Lifejustfliesbydoesntit · 11/01/2023 16:46

@PurpleButterflyWings Ok, so you basically want to stay on a thread where I’ve expressed a history of having years of infertility, losses, emergency ectopic and subsequent years of fertility treatments and ivf…and continuously say in a mean way negative things about older mums? Why is that? You’ve made your point that you have an issue with it (regardless of any apparent feeling for their personal circumstances)
Others have given their opinion of feeling it’s too old, that’s fine…yours isn’t just a different opinion, you sound angry and bitter.
It’s a bit weird to be honest, but of course, you have the right to keep saying nasty things if that’s what you want to do.

OP posts:
PurpleButterflyWings · 11/01/2023 16:47

countrypunk · 11/01/2023 16:45

@PurpleButterflyWings I have no agenda, other than perhaps helping people to understand that later parenthood isn't completely disastrous for child or parent. And that we can't all do it between the ages of 25 and 30, however much some of us might want to.

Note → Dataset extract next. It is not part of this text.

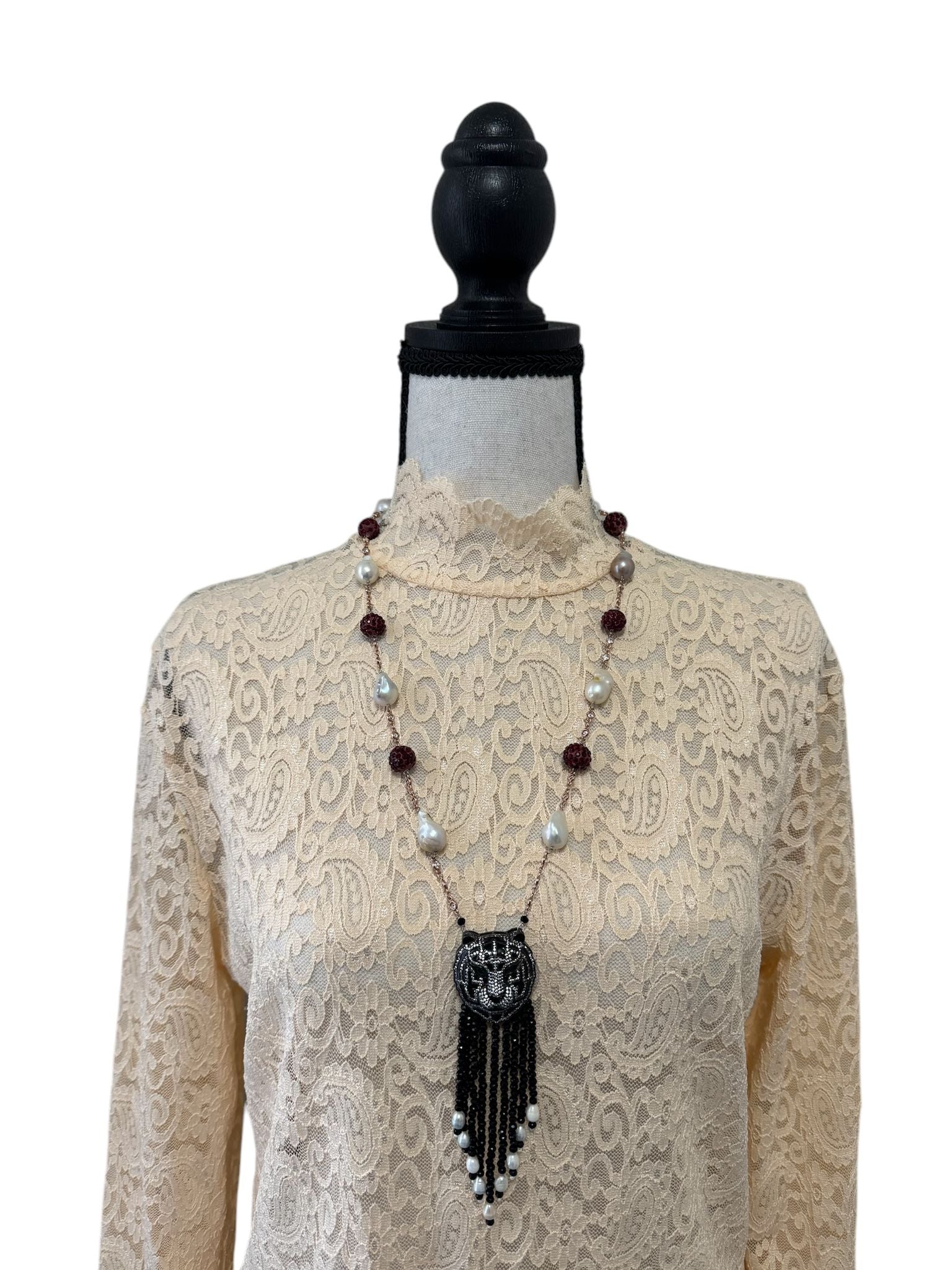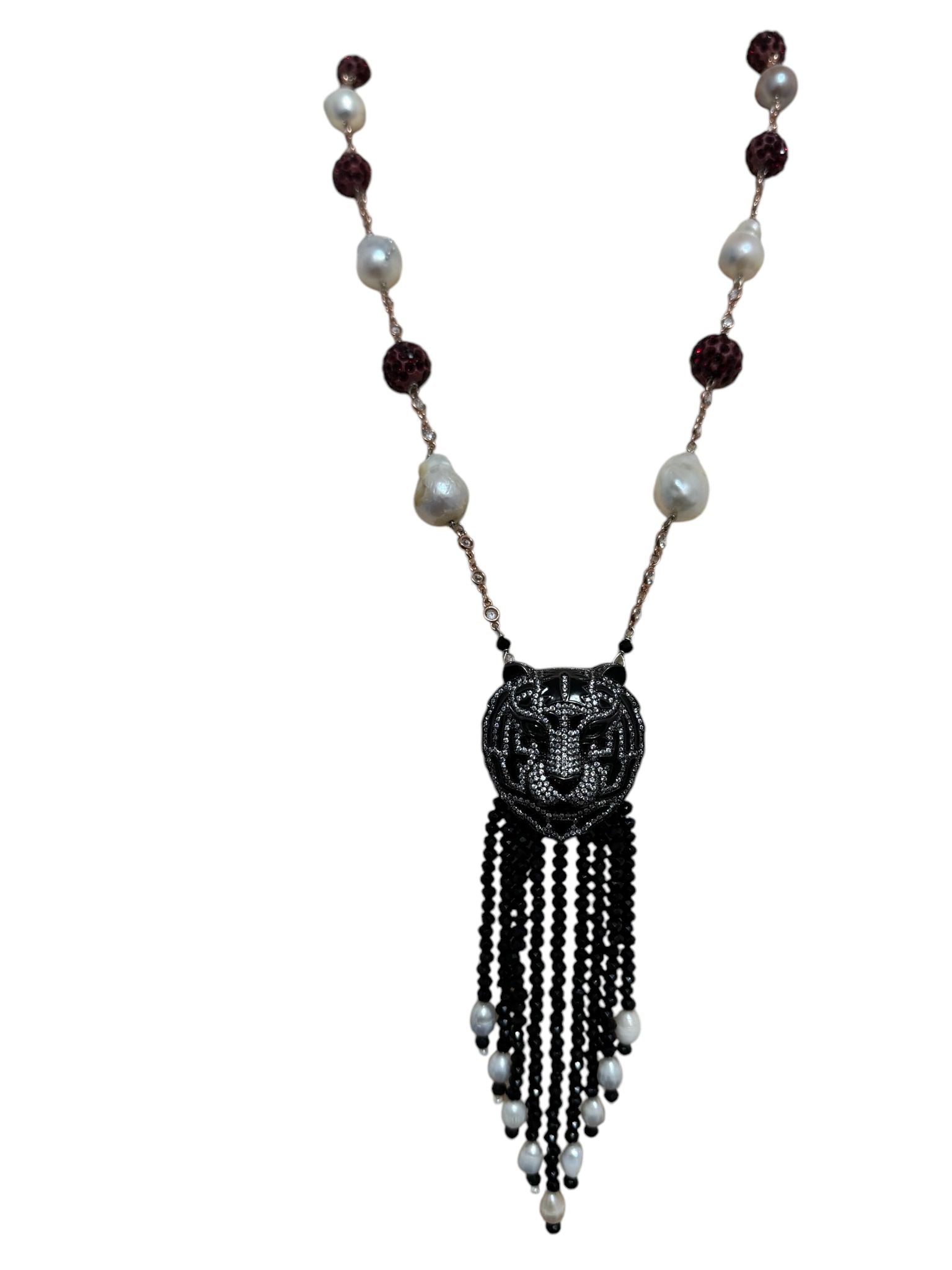 This stunning necklace features lustrous baroque pearls, high-quality crystals, and an intricate tiger face pendant adorned with shimmering zircon stones. The unique combination of materials and the bold, elegant design make it a versatile and eye-catching statement piece, perfect for both formal events and everyday wear. Add a touch of sophistication and fierce charm to your jewelry collection with this exquisite necklace.

I think it IS a bad idea to have them later. That is MY OPINION ... FGS, the Op ASKED for peoples opinions. Don't go spitting out dummies and having a go because they are opinions you don't want to hear! Confused

scatterolight · 11/01/2023 16:48

Do it but please please make sure you are tested for NK cells first. Your embryo probably has a good chance as it was made at 39 but if you have elevated NK cells your body will kill it off. It would be a terrible shame as this is your final shot.

Good luck.

countrypunk · 11/01/2023 16:48

@PurpleButterflyWings Think you might be doing a bit of projecting there. Hope you feel better soon.

Lifejustfliesbydoesntit · 11/01/2023 16:50

@countrypunk I agree, there’s a lot of anger there..not kind on this thread though

OP posts:
PurpleButterflyWings · 11/01/2023 16:50

@Lifejustfliesbydoesntit I don't think I am the one who sounds angry and bitter. I posted my OPINION which you asked for! You ASKED for peoples opinions. Why are you getting so angry and upset because people are saying things you don't want to hear? Confused If you had wanted people to agree with you that it's a GREAT idea to have a baby in your late 40s, you should have said in your opening post.